Seb SebM42

SÉBASTIEN MOREAU · DATA ENGINEER

Pipelines · Lakehouse · CDC · Data Quality · Lineage

About

Data Engineer focused on production-grade pipelines — from raw ingestion to business-ready outputs.

I build systems where data quality, traceability, and compliance are first-class concerns — not afterthoughts.
My work spans batch and event-driven architectures, CDC-based ingestion, lakehouse modeling, entity resolution, and end-to-end lineage.
I translate audit and compliance requirements into reliable, shippable workflows — with full ownership across the stack.

Master's equivalent in Data Engineering — OpenClassrooms (2026).
Open to relocation — Belgium, Netherlands, Sweden, Denmark.

Stack

— Core —

— Ingestion & Streaming —

— Storage & Lakehouse —

— Orchestration & Infra —

— Quality & Observability —

Projects

▸ Economic Activity Monitor — End-to-End Lakehouse Pipeline (SIRENE/INSEE)

Python Databricks Delta Lake dbt Databricks Workflows GitHub Actions Unity Catalog

Production-grade monthly pipeline on 42M+ French business establishments (INSEE SIRENE). Configurable geographic scope. Medallion architecture (Bronze → Silver → Gold): Bronze as a transit-only dead letter queue, Silver as a SCD Type 2 historical source of truth, Gold as dbt-powered business aggregations. Single atomic Delta MERGE for Silver writes — no rollback needed. Circuit breaker pattern for transformation failure isolation, reset via GitHub Actions manual trigger without direct Databricks access. Gold failures trigger automatic rollback via Delta time travel. Full ADR documentation (DECISIONS.md). Deployable on any Databricks workspace in minutes.

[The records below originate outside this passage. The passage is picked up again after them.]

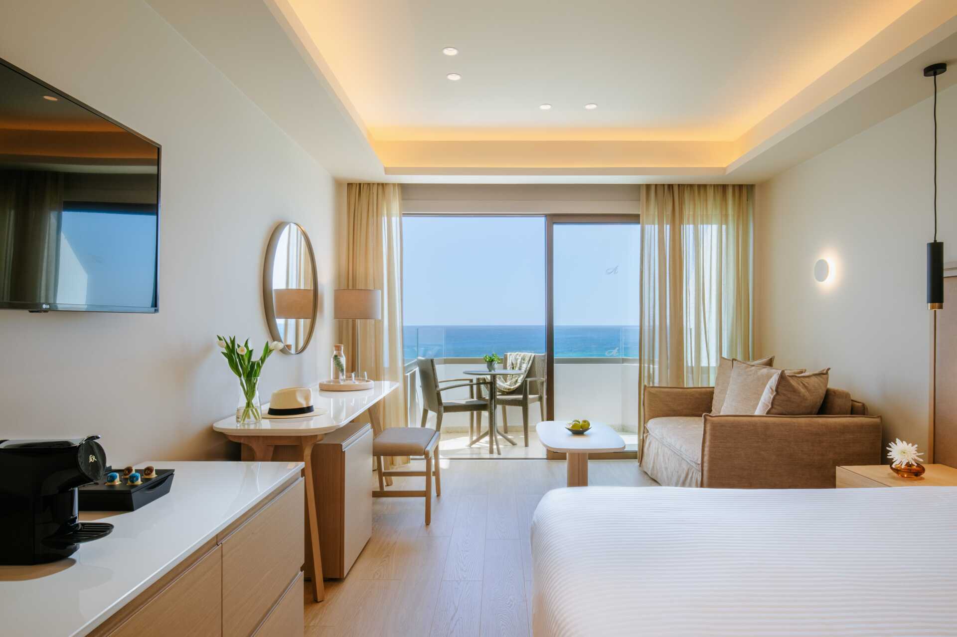 Kahden hengen huoneet parvekkeella, osassa merinäköala ja osassa rajoitettu merinäköala. Parivuode tai kaksi yhden hengen sänkyä. Lisävuodemahdollisuus vuodesohvasta. Maksuton wifi, ilmastointi ja tallelokero. Minibaari. Vedenkeitin, kahvia ja teetä. Espressokone. Tv kansainvälisillä kanavilla. Kylpytakit ja tossut. Hiustenkuivain. Kylpyamme tai suihku ja wc. Siivous 7 krt/viikko.
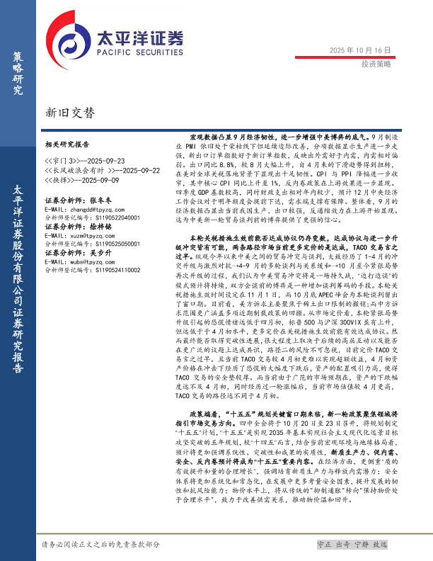 【太平洋证券】【202510】投资策略:新旧交替-23页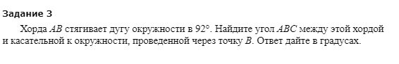 Приветствую Вас! Хотелось бы сегодня поговорить об одной полезной малоизвестной теореме геометрии, которая решает многие задачи, избегая длительных решений. Она касается окружностей и дуг. Звучит она так: Угол между хордой и касательной равен половине градусной мере дуги, заключенной между ними. К примеру, такая задача: Имеем такой чертеж: Здесь, конечно, можно сделать дополнительные построения: провести касательную к точке А, соединить А и В с центром окружности. Далее воспользоваться парой теорем и прийти к тому же, о чем гласит теорема, указанная выше (собственно это и будет доказательство данного), т.е искомый угол будет равен половине дуги, между хордой и касательной - 46 градусов. Например, такая задача, которая показывает чертеж, описанный выше: Вот здесь как раз можно долго и нудно решать, пользуясь тем, что касательная перпендикулярна радиусу, касательные, выпущенные из одной точки равны итд. Но, если воспользоваться данной теоремой, то понимаем, что дуга АВ - 64 градуса, след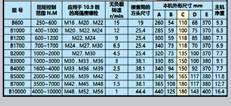 商品规格:B10000 4000~10000NM

Key decisions: significance filter on tracked columns — source system updates its treatment timestamp for both business and purely technical changes, filtering prevents spurious SCD2 period creation · single atomic MERGE eliminates partial write risk without rollback logic · Bronze as implicit DLQ — batch retained until Silver transformation confirmed successful · two source files at initialization (stock + historical) to reconstruct full SCD2 history from day one · circuit breaker reset decoupled from Databricks access — operator only needs Git.

▸ End-to-End Streaming Lakehouse — HR & Sport Activity

Python Kafka/Redpanda Debezium Delta Lake Great Expectations Prometheus OSMNX

Production-grade event-driven pipeline: CDC from PostgreSQL via Debezium, Python micro-batch consumer (100ms poll), geospatial distance computation via OSMNX/BAN API. Delta Lake lakehouse (Bronze → Silver → Gold) with SCD Type 2 historization for full auditability. Data quality gates at every layer transition. Dead letter table for failed batches. Metrics exposed via Prometheus.

Key decisions: CDC over polling — fact table capture is natural fit, state table monitored on 2 columns only · quarantine logic for implausible records · PII excluded from the lakehouse · SCD Type 2 scoped to auditability, not retroactive rule changes · at-least-once delivery with explicit crash recovery per stage.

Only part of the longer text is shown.